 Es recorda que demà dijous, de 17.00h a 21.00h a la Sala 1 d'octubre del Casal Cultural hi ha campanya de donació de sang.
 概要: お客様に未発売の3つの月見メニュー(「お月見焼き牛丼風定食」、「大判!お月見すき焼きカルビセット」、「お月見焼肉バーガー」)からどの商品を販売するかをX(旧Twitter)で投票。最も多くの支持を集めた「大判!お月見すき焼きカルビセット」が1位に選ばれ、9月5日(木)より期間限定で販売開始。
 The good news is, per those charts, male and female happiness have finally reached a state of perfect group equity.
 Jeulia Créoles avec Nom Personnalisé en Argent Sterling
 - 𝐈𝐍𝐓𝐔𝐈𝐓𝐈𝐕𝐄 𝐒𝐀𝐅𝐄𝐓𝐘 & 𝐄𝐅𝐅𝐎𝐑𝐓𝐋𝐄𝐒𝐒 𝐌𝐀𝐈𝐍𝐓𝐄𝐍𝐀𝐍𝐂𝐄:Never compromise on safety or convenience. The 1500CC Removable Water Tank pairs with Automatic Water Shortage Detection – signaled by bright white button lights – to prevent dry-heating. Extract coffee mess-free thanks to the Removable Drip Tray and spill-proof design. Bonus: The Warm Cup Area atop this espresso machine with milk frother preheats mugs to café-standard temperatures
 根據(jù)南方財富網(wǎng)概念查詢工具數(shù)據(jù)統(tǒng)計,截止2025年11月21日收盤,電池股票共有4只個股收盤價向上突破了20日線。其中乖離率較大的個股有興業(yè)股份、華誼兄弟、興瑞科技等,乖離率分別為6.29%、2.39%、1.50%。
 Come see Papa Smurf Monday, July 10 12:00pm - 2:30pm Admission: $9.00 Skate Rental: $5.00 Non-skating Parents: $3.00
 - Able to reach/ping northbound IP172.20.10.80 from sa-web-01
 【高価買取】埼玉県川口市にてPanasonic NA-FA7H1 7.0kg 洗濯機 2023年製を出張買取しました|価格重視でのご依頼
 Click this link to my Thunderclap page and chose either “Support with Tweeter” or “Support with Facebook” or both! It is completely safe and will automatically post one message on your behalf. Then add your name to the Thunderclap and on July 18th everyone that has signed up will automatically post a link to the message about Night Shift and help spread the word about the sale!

### Exercise:
Copy each entry above exactly, character for character.

### Answer below:
 Es recorda que demà dijous, de 17.00h a 21.00h a la Sala 1 d'octubre del Casal Cultural hi ha campanya de donació de sang.
 概要: お客様に未発売の3つの月見メニュー(「お月見焼き牛丼風定食」、「大判!お月見すき焼きカルビセット」、「お月見焼肉バーガー」)からどの商品を販売するかをX(旧Twitter)で投票。最も多くの支持を集めた「大判!お月見すき焼きカルビセット」が1位に選ばれ、9月5日(木)より期間限定で販売開始。
 The good news is, per those charts, male and female happiness have finally reached a state of perfect group equity.
 Jeulia Créoles avec Nom Personnalisé en Argent Sterling
 - 𝐈𝐍𝐓𝐔𝐈𝐓𝐈𝐕𝐄 𝐒𝐀𝐅𝐄𝐓𝐘 & 𝐄𝐅𝐅𝐎𝐑𝐓𝐋𝐄𝐒𝐒 𝐌𝐀𝐈𝐍𝐓𝐄𝐍𝐀𝐍𝐂𝐄:Never compromise on safety or convenience. The 1500CC Removable Water Tank pairs with Automatic Water Shortage Detection – signaled by bright white button lights – to prevent dry-heating. Extract coffee mess-free thanks to the Removable Drip Tray and spill-proof design. Bonus: The Warm Cup Area atop this espresso machine with milk frother preheats mugs to café-standard temperatures
 根據(jù)南方財富網(wǎng)概念查詢工具數(shù)據(jù)統(tǒng)計,截止2025年11月21日收盤,電池股票共有4只個股收盤價向上突破了20日線。其中乖離率較大的個股有興業(yè)股份、華誼兄弟、興瑞科技等,乖離率分別為6.29%、2.39%、1.50%。
 Come see Papa Smurf Monday, July 10 12:00pm - 2:30pm Admission: $9.00 Skate Rental: $5.00 Non-skating Parents: $3.00
 - Able to reach/ping northbound IP172.20.10.80 from sa-web-01
 【高価買取】埼玉県川口市にてPanasonic NA-FA7H1 7.0kg 洗濯機 2023年製を出張買取しました|価格重視でのご依頼
 Click this link to my Thunderclap page and chose either “Support with Tweeter” or “Support with Facebook” or both! It is completely safe and will automatically post one message on your behalf. Then add your name to the Thunderclap and on July 18th everyone that has signed up will automatically post a link to the message about Night Shift and help spread the word about the sale!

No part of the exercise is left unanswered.